Which english phrase means to work very hard for a short time, and then coast on the results? [closed]
I am glad that you say the third word may be ‘coast’... because I cannot think of an example where it is!
The thought that you describe does, however, sound very much like resting on one's laurels: ‘to be satisfied with one’s past accomplishments and not put forth any further efforts’ (definition at grammarist.com).
The phrase derives from the laurel wreath bestowed to recognise great success in ancient Greek athletics. That is also the root of the still-current term laureate (Merriam-Webster), now meaning someone who has been honoured for achievement amongst a much wider range of cultural activities. (Nobel Prize winners, for example, are termed Nobel laureates [thefreedictionary.com], and in the UK the monarch’s appointed poet is the Poet Laureate, as discussed at Wikipedia.)

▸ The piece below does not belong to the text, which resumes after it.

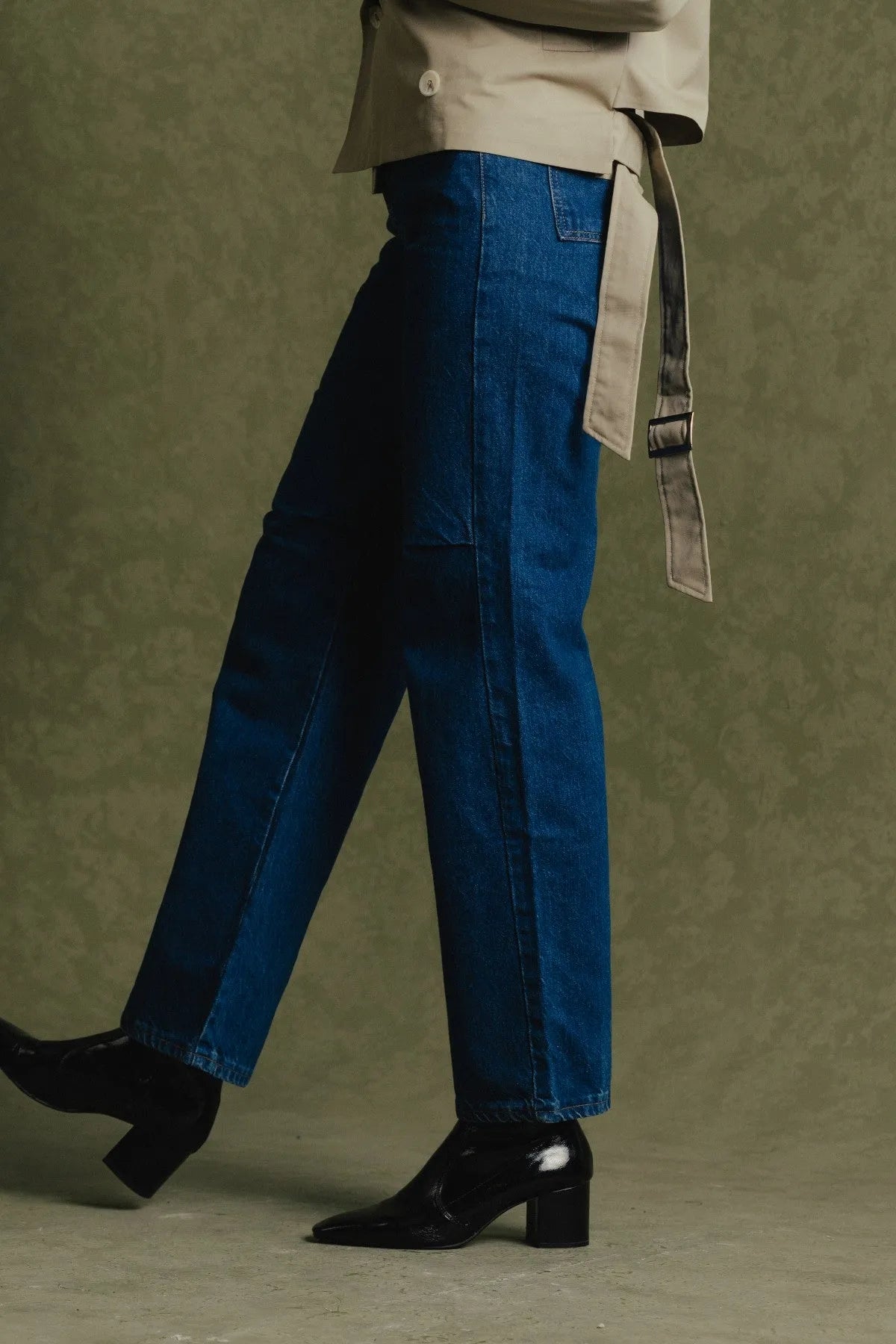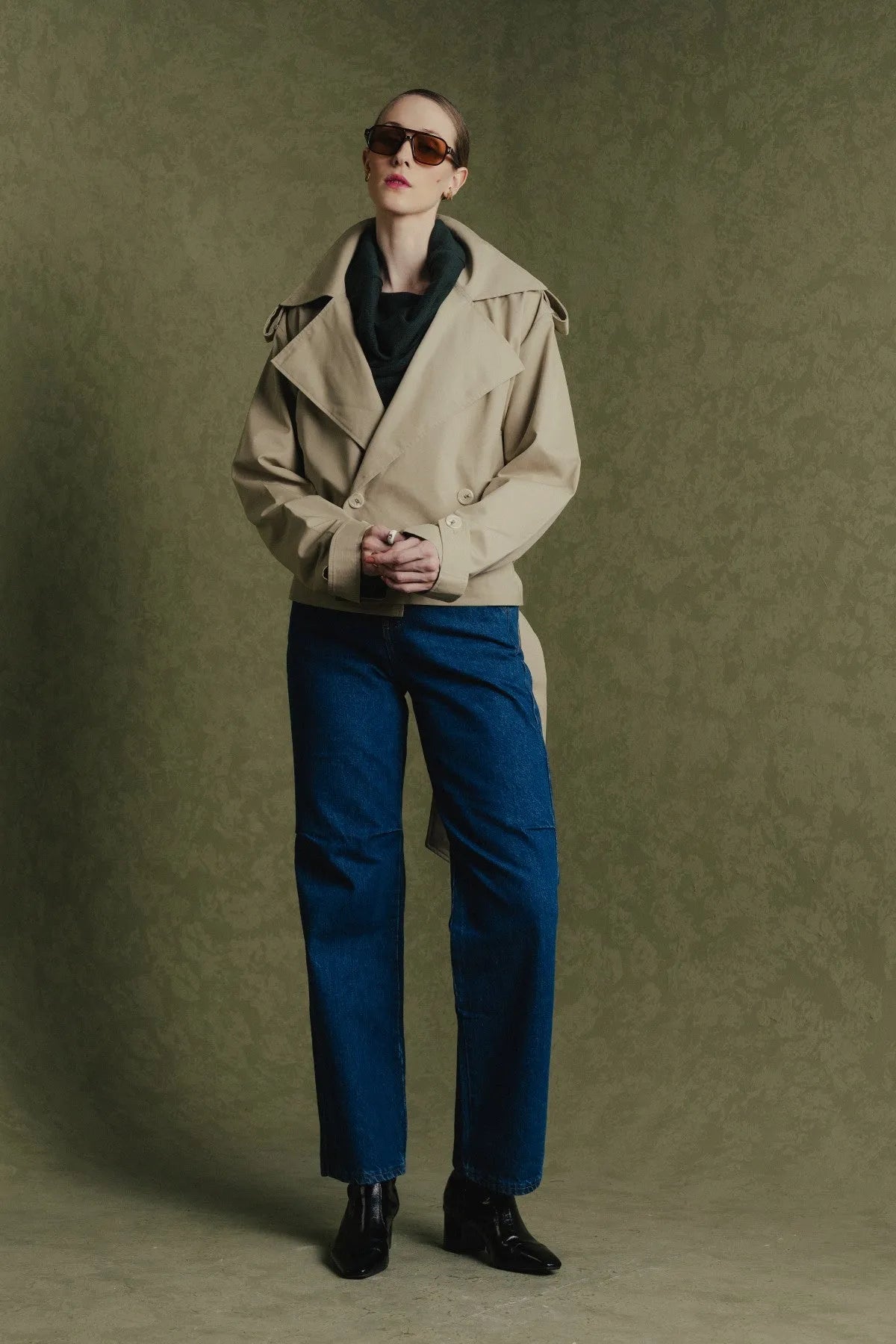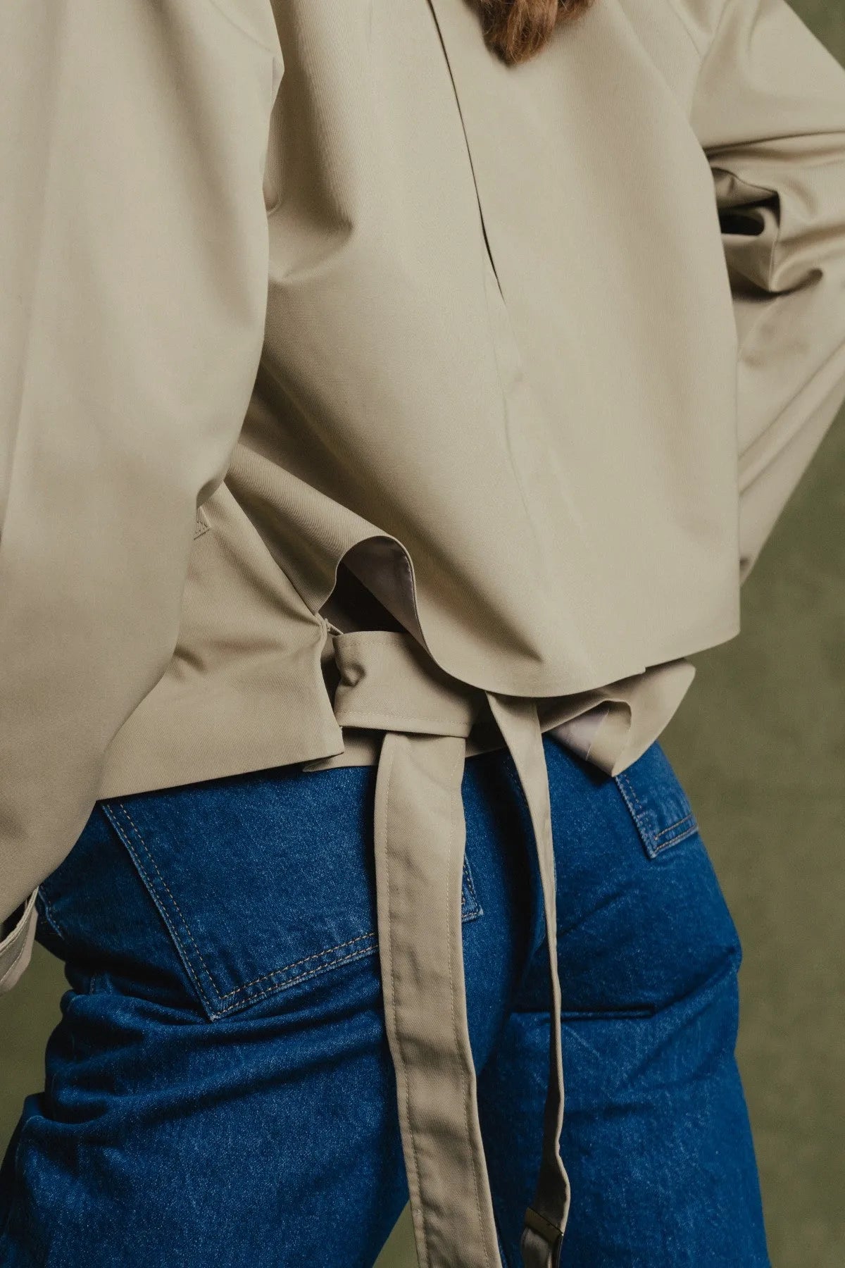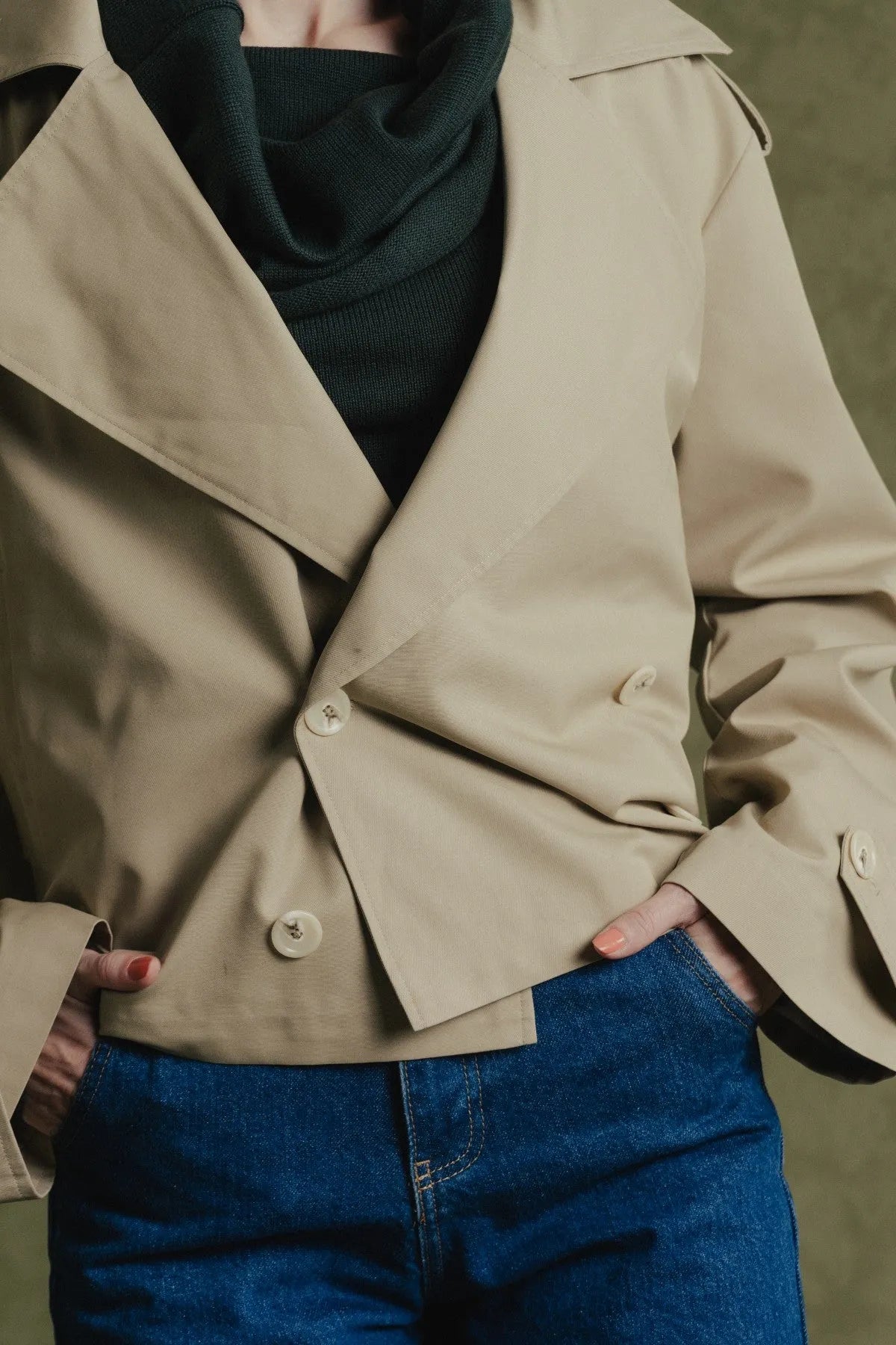 This Glory Belted Trench is a double-breasted coat in a light beige color, featuring a relaxed fit. The design is defined by its wide coat lapel and collar and drop shoulders. The full sleeves include cuff straps and buttons. The front closes in a double-breasted style using antique textured buttons. It includes a waist belt with a rose gold buckle to cinch the coat.

Resting on one’s laurels means allowing the evidence (not now literally a laurel wreath, as a rule!) of outstanding past deeds to impress people, while in fact making no further effort at all. It is frequently used in the negative sense that someone is using past success to avoid having to bother any longer. Sometimes, however, the expression is used to suggest that someone has already achieved (and in some sense contributed) so much that they can reasonably be allowed to take it easy now, and others might willingly take up the slack.
Well...a related three word phrase ending in 'coast' is 'burst-and-coast' swimming in fish, alternating a brief period of swimming with a coast of constant depth or a downward glide. This behaviour is believed to increase endurance, being recruited at speeds where fatigue may occur.
Source: Mechanics and Physiology of Animal Swimming. CUP, 1994
In transferring this concept to human work behaviours, I haven't been able to source a phrase describing the overall employment pattern outlined by the OP: intensive working on limited time projects, punctuated by rest/recovery breaks financed by earnings from previous projects.
However, U.S. research shows that the 10% most productive employees work 52 minute 'sprints' or 'bursts', then break for 17 minutes before starting work again.